- [Your task]
Print each entry word for word without images.
-- Entries shown follows --
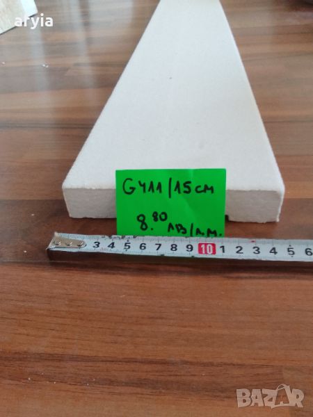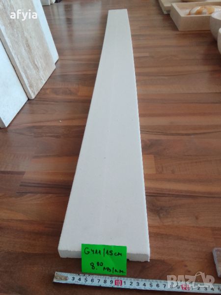 G-411/15 cm - Модел като плоска дъска без орнаменти, широчина 15 см, дебелина 3 см. Може да се използва около врати и прозорци и като и като разделител между етажи. Цена: 9,00 €1 (7,60 лв) с ДДС за профил с дължина 2 м. Има наличност.
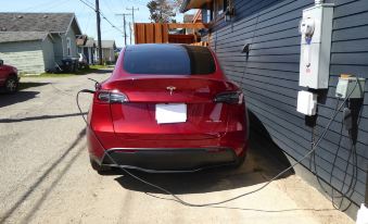 NOW FOR THE GOOD STUFF......OAK ALLEY is a luxurious hide-a-way that provides: in the alley parking with EV charging (NEMA 14-50 RV 40 plug on a 50 amp circuit, a private patio, a Great Room for cooking, dining, and relaxing. A "Full" sized Murphy style "box-bed" sits in the front room ready for up to two additional children. A full size stacking washer/dryer is next to the bath area.
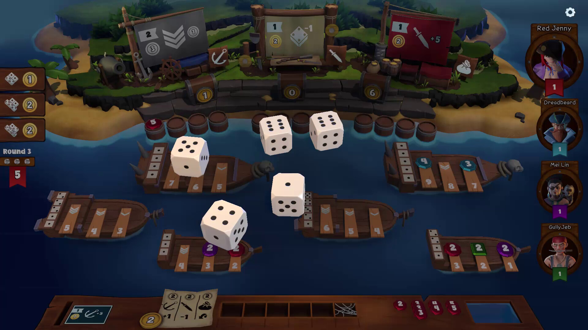 Each round begins with a Yahtzee-style dice roll, followed by careful manipulation and strategic positioning on Ships' or Port positions. Players can push each other off ships, claim bonuses, and adapt to the changing Fleet Bonus Cards introduced at different stages of the game.
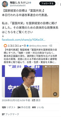 1:ブラッド君(茸) [ニダ]:2026/02/13(金) 14:49:50.81 ID:i61iyvII0 中道改革連合の新スローガン「富国共栄」wwwww 【国家経営の目標は「富国共栄」】本日行われる中道改革連合の代表選。私は、「富国共栄」を国家経営の目標に掲げました。その実現のための具体的な政策体系はこちらをご覧ください↓— 階猛(しな たけし) (@shinatakeshi) February 12, 2026 2:きいちょん(東京都) [IT]:2026/02/13(金) 14:51:34.22 ID:XMWzmHMe0 どうしてもあそこを栄えさせたいのか 3:スピーフィ(東京都) [CN]:2026/02/13(金) 14:51:38.61 ID:+iPo5sZ50 なんだ軍国主義ですか怖い怖いw…
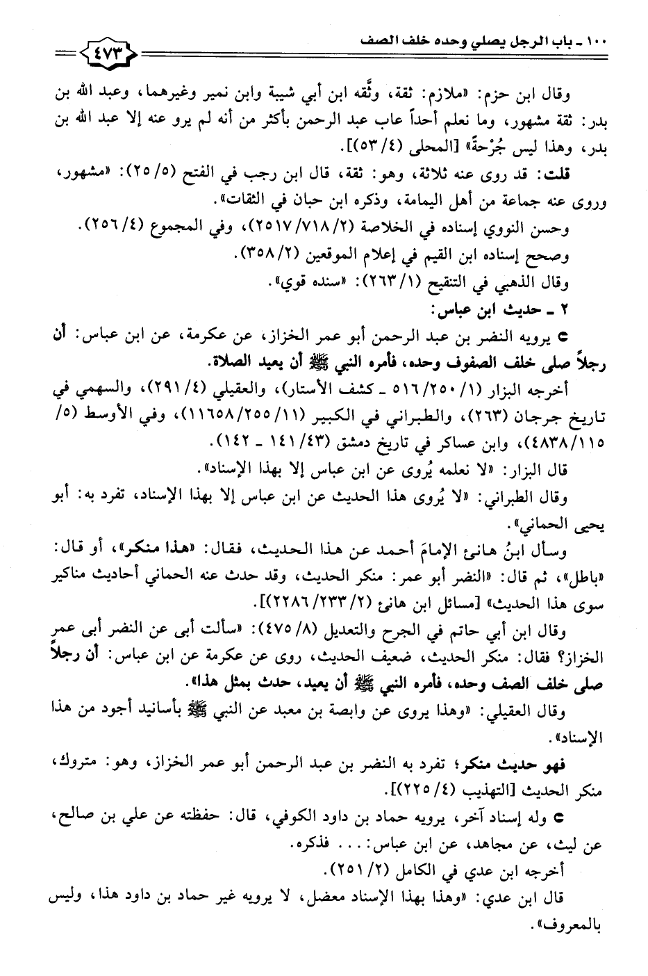 • يرويه النضر بن عبد الرحمن أبو عمر الخزاز، عن عكرمة، عن ابن عباس: أن رجلًا صلى خلف الصفوف وحده، فأمره النبي - صلى الله عليه وسلم - أن يعيد الصلاة.
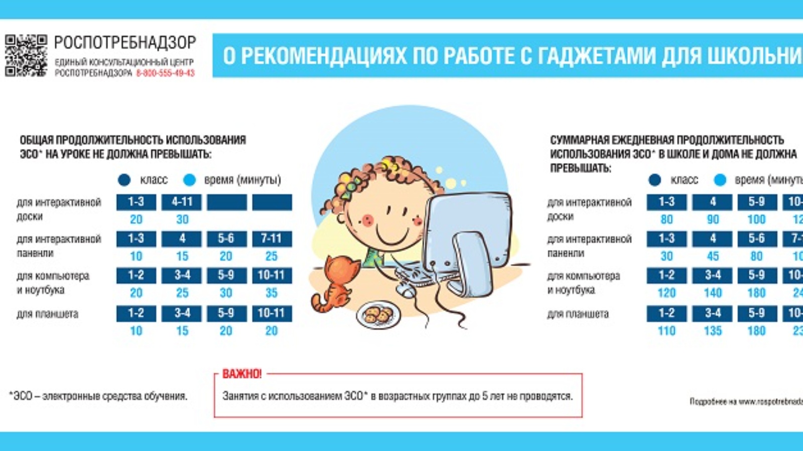 - для планшета - для 1-2 классов – 30 минут в школе и 80 минут дома, для 3-4 классов – 45 минут в школе и 90 минут дома, для 5-9 классов - 60 минут в школе и 120 минут дома, а для 10-11 классов – 80 минут в школе и 150 минут дома.
-- Entries shown concluded --
- [Response area]
 G-411/15 cm - Модел като плоска дъска без орнаменти, широчина 15 см, дебелина 3 см. Може да се използва около врати и прозорци и като и като разделител между етажи. Цена: 9,00 €1 (7,60 лв) с ДДС за профил с дължина 2 м. Има наличност.
 NOW FOR THE GOOD STUFF......OAK ALLEY is a luxurious hide-a-way that provides: in the alley parking with EV charging (NEMA 14-50 RV 40 plug on a 50 amp circuit, a private patio, a Great Room for cooking, dining, and relaxing. A "Full" sized Murphy style "box-bed" sits in the front room ready for up to two additional children. A full size stacking washer/dryer is next to the bath area.
 Each round begins with a Yahtzee-style dice roll, followed by careful manipulation and strategic positioning on Ships' or Port positions. Players can push each other off ships, claim bonuses, and adapt to the changing Fleet Bonus Cards introduced at different stages of the game.
 1:ブラッド君(茸) [ニダ]:2026/02/13(金) 14:49:50.81 ID:i61iyvII0 中道改革連合の新スローガン「富国共栄」wwwww 【国家経営の目標は「富国共栄」】本日行われる中道改革連合の代表選。私は、「富国共栄」を国家経営の目標に掲げました。その実現のための具体的な政策体系はこちらをご覧ください↓— 階猛(しな たけし) (@shinatakeshi) February 12, 2026 2:きいちょん(東京都) [IT]:2026/02/13(金) 14:51:34.22 ID:XMWzmHMe0 どうしてもあそこを栄えさせたいのか 3:スピーフィ(東京都) [CN]:2026/02/13(金) 14:51:38.61 ID:+iPo5sZ50 なんだ軍国主義ですか怖い怖いw…
 • يرويه النضر بن عبد الرحمن أبو عمر الخزاز، عن عكرمة، عن ابن عباس: أن رجلًا صلى خلف الصفوف وحده، فأمره النبي - صلى الله عليه وسلم - أن يعيد الصلاة.
 - для планшета - для 1-2 классов – 30 минут в школе и 80 минут дома, для 3-4 классов – 45 минут в школе и 90 минут дома, для 5-9 классов - 60 минут в школе и 120 минут дома, а для 10-11 классов – 80 минут в школе и 150 минут дома.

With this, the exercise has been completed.